AVAILABLE DATA:
————

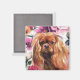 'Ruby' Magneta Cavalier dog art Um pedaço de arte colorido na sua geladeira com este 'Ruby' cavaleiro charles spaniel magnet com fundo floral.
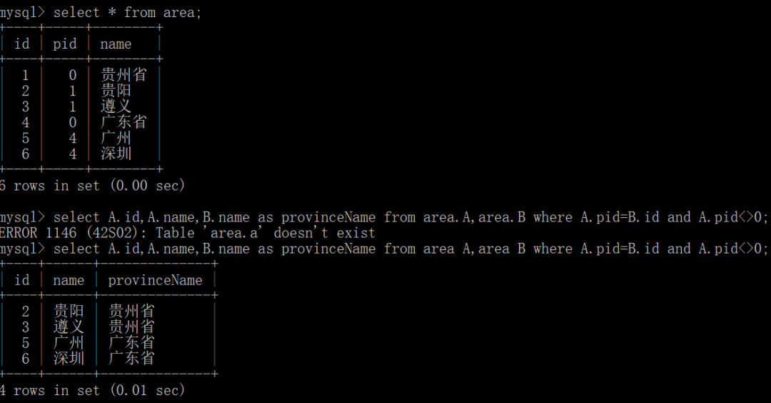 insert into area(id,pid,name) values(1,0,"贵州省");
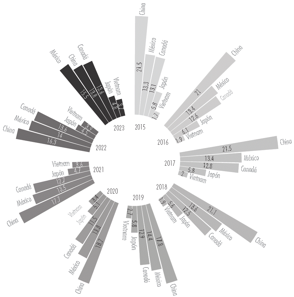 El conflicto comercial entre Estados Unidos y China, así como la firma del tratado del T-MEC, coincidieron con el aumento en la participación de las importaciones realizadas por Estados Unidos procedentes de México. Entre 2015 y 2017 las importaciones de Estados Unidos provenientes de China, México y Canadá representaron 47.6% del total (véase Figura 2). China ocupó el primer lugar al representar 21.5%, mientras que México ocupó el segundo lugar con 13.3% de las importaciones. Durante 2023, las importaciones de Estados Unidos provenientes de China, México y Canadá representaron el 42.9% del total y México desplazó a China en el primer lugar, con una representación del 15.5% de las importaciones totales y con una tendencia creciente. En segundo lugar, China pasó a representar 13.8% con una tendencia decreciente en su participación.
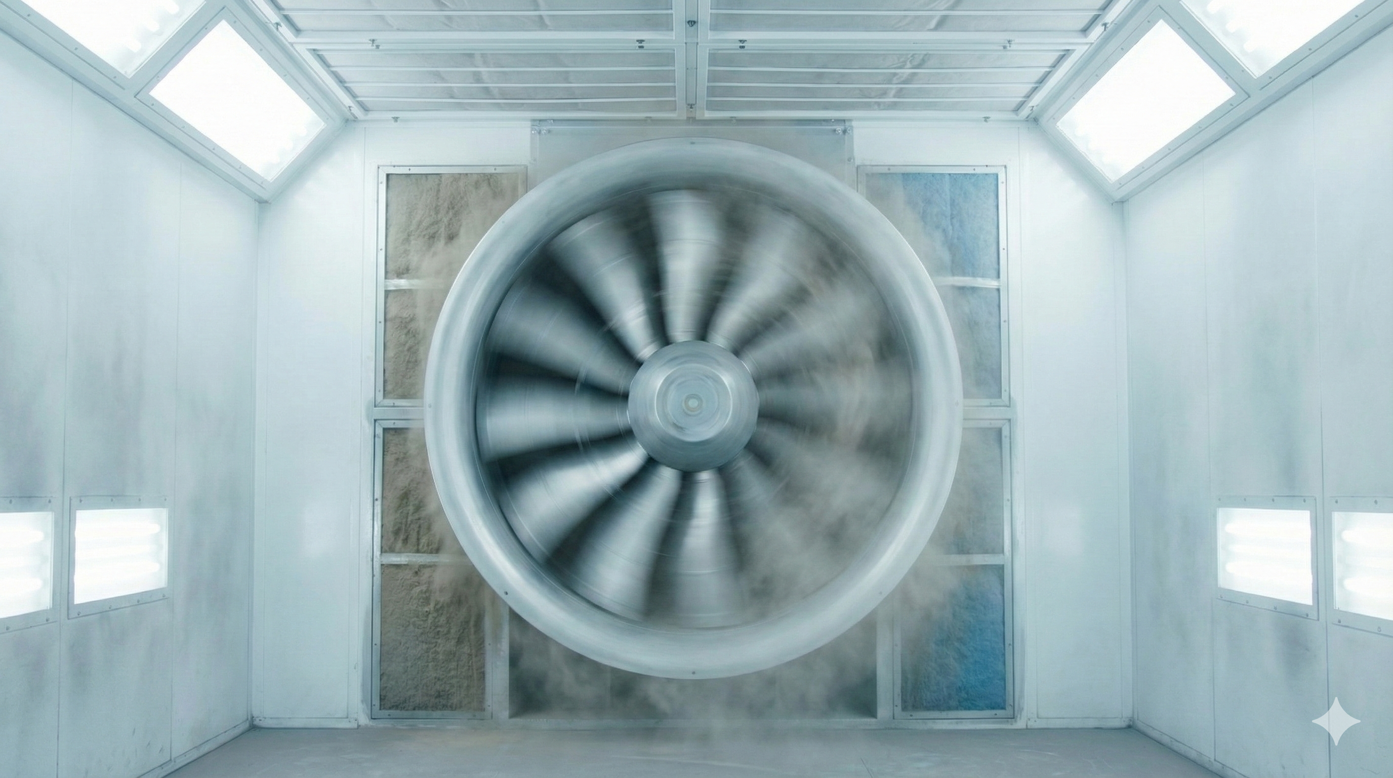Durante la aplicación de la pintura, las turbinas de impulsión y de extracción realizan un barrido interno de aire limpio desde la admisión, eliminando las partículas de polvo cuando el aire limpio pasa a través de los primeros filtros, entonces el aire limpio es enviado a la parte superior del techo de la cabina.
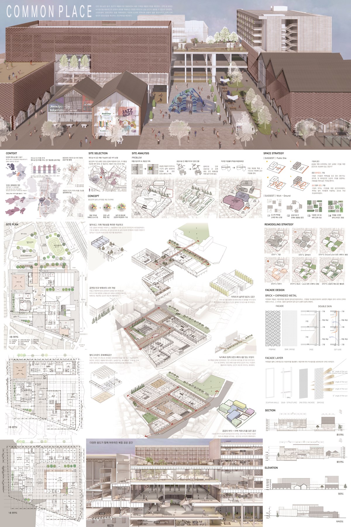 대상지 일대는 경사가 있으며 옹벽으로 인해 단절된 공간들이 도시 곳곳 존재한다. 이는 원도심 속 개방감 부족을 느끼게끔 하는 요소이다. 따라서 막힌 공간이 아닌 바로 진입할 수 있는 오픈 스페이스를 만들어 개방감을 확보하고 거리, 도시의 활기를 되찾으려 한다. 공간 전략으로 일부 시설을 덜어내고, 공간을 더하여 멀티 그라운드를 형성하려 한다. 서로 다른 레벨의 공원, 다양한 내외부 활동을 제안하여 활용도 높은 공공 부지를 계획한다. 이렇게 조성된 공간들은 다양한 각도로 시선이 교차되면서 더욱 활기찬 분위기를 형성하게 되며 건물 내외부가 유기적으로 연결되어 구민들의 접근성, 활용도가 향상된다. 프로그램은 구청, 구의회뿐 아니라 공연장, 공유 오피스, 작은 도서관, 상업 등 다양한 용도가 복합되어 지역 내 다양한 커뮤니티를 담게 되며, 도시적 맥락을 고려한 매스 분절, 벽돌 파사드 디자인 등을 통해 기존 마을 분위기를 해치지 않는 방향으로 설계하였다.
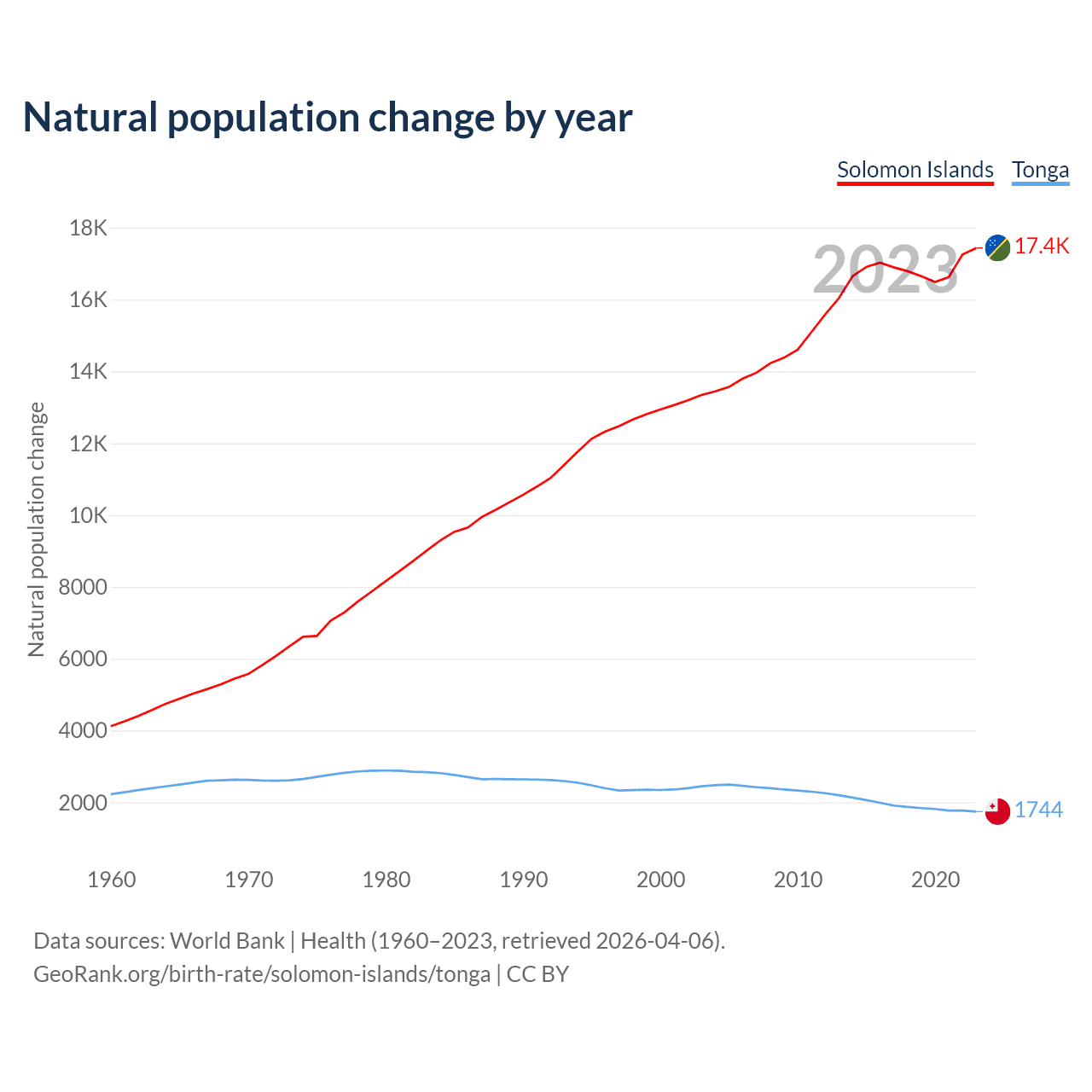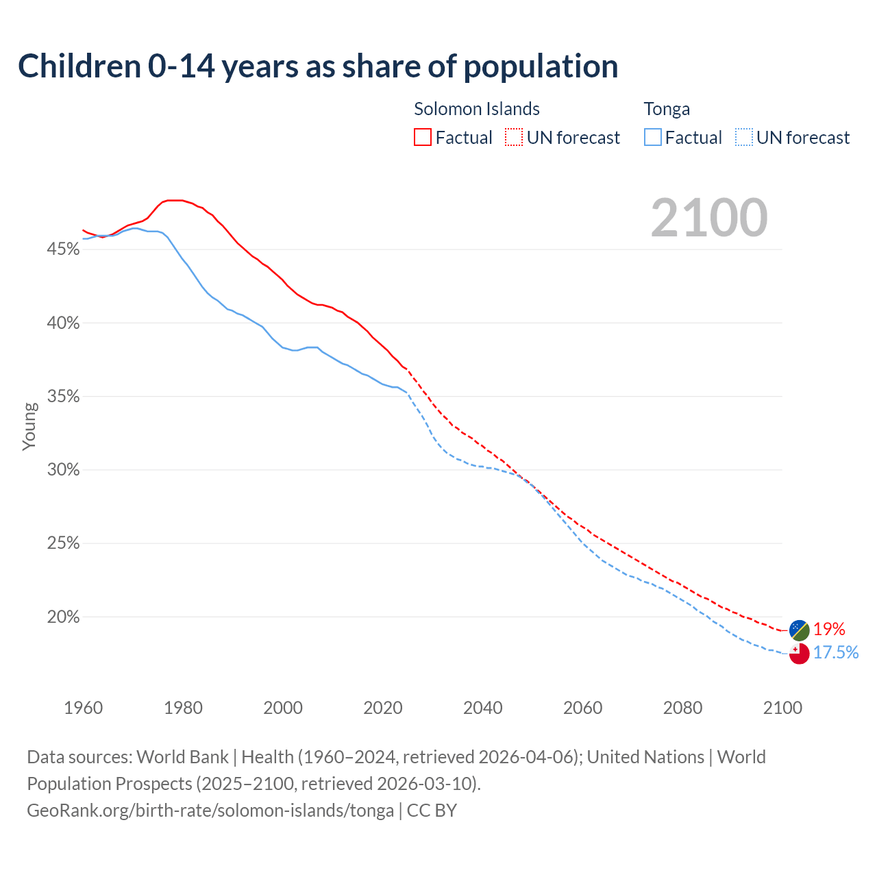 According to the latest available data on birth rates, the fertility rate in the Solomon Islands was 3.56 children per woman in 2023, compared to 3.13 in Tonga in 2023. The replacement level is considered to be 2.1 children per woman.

————

WHAT THE TASK ASKS:
Please repeat, exactly as written, the lines in the records above, starting with the one that has "insert into area(id,pid,name)" and going on through the one that has "Durante la aplicación". Pictures are to be left out.

PROBLEM SOLUTION:
 insert into area(id,pid,name) values(1,0,"贵州省");
 El conflicto comercial entre Estados Unidos y China, así como la firma del tratado del T-MEC, coincidieron con el aumento en la participación de las importaciones realizadas por Estados Unidos procedentes de México. Entre 2015 y 2017 las importaciones de Estados Unidos provenientes de China, México y Canadá representaron 47.6% del total (véase Figura 2). China ocupó el primer lugar al representar 21.5%, mientras que México ocupó el segundo lugar con 13.3% de las importaciones. Durante 2023, las importaciones de Estados Unidos provenientes de China, México y Canadá representaron el 42.9% del total y México desplazó a China en el primer lugar, con una representación del 15.5% de las importaciones totales y con una tendencia creciente. En segundo lugar, China pasó a representar 13.8% con una tendencia decreciente en su participación.
Durante la aplicación de la pintura, las turbinas de impulsión y de extracción realizan un barrido interno de aire limpio desde la admisión, eliminando las partículas de polvo cuando el aire limpio pasa a través de los primeros filtros, entonces el aire limpio es enviado a la parte superior del techo de la cabina.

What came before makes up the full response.